#### EXERCISE
Would you repeat word for word the lines of the listing that follows, from the one with "- 股骨长的正常范围随孕周的" up to and including the one with "Paarse Tulp in", and leave out the images?

━━ EXERCISE DATA

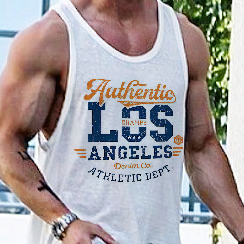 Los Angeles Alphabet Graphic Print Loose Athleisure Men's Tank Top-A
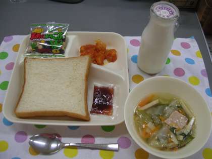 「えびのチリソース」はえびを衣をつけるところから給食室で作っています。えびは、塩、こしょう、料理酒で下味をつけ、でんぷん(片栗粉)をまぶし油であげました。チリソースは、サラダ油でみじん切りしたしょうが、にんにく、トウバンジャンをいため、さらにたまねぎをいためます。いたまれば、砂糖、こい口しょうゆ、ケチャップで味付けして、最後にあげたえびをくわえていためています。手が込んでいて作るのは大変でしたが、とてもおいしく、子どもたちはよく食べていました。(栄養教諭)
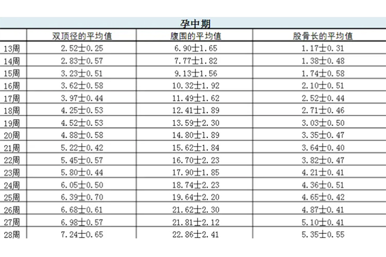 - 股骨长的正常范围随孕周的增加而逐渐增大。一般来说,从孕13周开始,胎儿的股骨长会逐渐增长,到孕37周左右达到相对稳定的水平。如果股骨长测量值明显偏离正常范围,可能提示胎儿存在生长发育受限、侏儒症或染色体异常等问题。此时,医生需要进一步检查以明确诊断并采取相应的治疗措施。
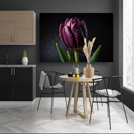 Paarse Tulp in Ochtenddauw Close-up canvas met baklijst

━━━━
━━ EXERCISE DATA

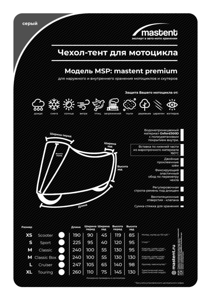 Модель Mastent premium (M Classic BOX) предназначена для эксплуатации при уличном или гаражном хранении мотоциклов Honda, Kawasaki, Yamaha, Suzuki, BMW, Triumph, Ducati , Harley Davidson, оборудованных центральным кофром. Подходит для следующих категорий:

━━━━

#### OUTPUT FOR THIS TASK
 - 股骨长的正常范围随孕周的增加而逐渐增大。一般来说,从孕13周开始,胎儿的股骨长会逐渐增长,到孕37周左右达到相对稳定的水平。如果股骨长测量值明显偏离正常范围,可能提示胎儿存在生长发育受限、侏儒症或染色体异常等问题。此时,医生需要进一步检查以明确诊断并采取相应的治疗措施。
 Paarse Tulp in Ochtenddauw Close-up canvas met baklijst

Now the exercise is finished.